Holy hell there's a lot wrong with your code. You should probably go through a begging C++ book to learn the basics because even if your code was compilable, it's very very poorly implemented. The one thing I have to point out that no one seems to have mentioned is the
declaration of
std::vector<Node*>& node_dict;You can't declare a reference like that. A reference HAS to be an assignment. You're saying
node_dictis a reference to a astd::vector<Node*>object, but not telling it what it's referencing. If this compiles then your compiler is pulling out the & symbol instead of throwing an error like ti should.As for the poorness of your code, why are you even declaring node_dict as a class variable? You assign it a value in your constructor, but then don't use it outside of your constructor. There's no reason it should be a class variable.
如果在 C++ 中新建一个类型,您将获得一个指向堆分配对象的指针。如果要就地分配,请编写不带 new 关键字的构造函数。

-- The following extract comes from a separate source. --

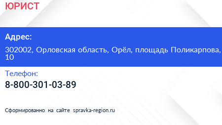 ЮРИСТ по адресу 302002, Орловская область, Орёл, площадь Поликарпова, 10 в дальнейшем Организация, размещена в следующих категориях: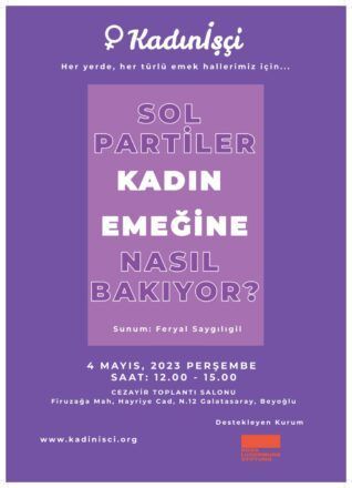 Türkiye’de kadın emeği, sol partilerin ne kadar gündeminde? Kadınların emek piyasasındaki ikincil konumu, kadın işçi sağlığı ve iş güvenliği, cinsiyete dayalı ücret ayrımcılığı, işyerinde şiddet ve taciz, cinsiyetçi iş bölümü, kadın istihdamı, güvencesizlik gibi sorunlarımızın çözümüne ilişkin ne söylüyorlar, ne yapıyorlar? Bu partilerin tüzük ve programlarında kadın emeğinin somut sorunlarının çözümüne ilişkin neler var, neler yok?

If you new a type in C++, you get a pointer to a heap allocated object. If you want to allocate it in place, write the constructor without the new keyword.
这应该简单地是:
tree_dict不是指针,您正在按值存储向量。
请注意,正如发布的那样,您至少泄漏了
root的内存,因为Tree没有删除它的析构函数。或者,您可以使用智能指针,例如std::auto_ptr,它会删除它会自动为您服务,并有助于使您的代码异常安全:对于
tree_dict也是如此,它最好作为 Boosts 或 TR1shared_ptr或类似 Boostsptr_vector。That should simply be:
tree_dictis not a pointer, you are storing thevectorby value.Note that as posted you are at least leaking the memory for
rootasTreedoesn't have a destructor which deletes it. Alternatively you can use smart pointers likestd::auto_ptrwhich deletes it automatically for you and helps making your code exception-safe:Same goes for the
tree_dictwhich would be better off as avectorof e.g. Boosts or TR1shared_ptror something like Boostsptr_vector.